§ Provided material
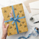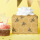 Ouro âmbar honeycomb rede com um padrão de abelhas voadoras para embrulhar presentes para uma celebração de aniversário ou feriado para crianças e adultos, e embrulhar presentes para um apicultor profissional.
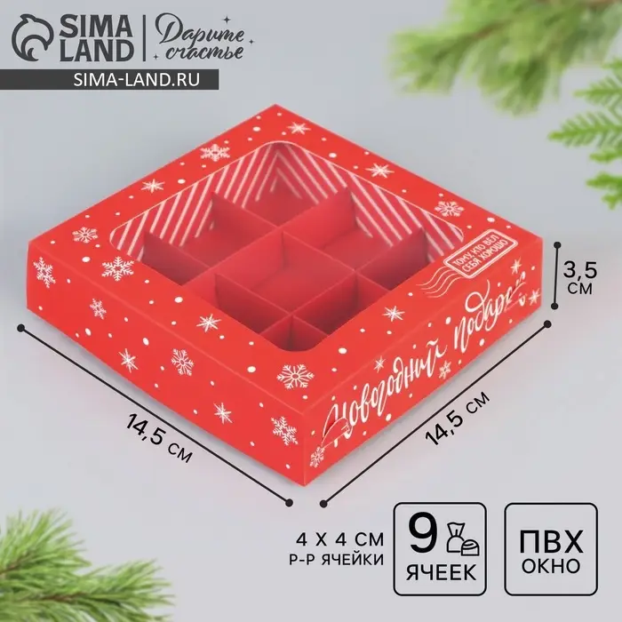 Коробка под 9 конфет «Новогодний подарок», 14.5×14.5×3.5 см
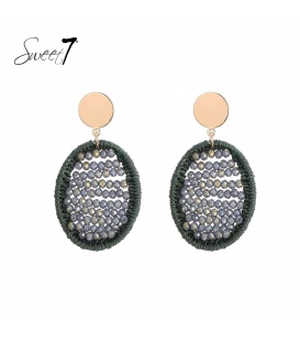 Mooie grijze oorclips met strengen en kralen De lengte van deze oorclip is 11 cm. Deze klem oorbellen zijn geschikt voor oren zonder gaatjes.

§ Exercise objective
This task calls for the listing to be restated exactly, with images omitted.

§ Exercise answer
 Ouro âmbar honeycomb rede com um padrão de abelhas voadoras para embrulhar presentes para uma celebração de aniversário ou feriado para crianças e adultos, e embrulhar presentes para um apicultor profissional.
 Коробка под 9 конфет «Новогодний подарок», 14.5×14.5×3.5 см
 Mooie grijze oorclips met strengen en kralen De lengte van deze oorclip is 11 cm. Deze klem oorbellen zijn geschikt voor oren zonder gaatjes.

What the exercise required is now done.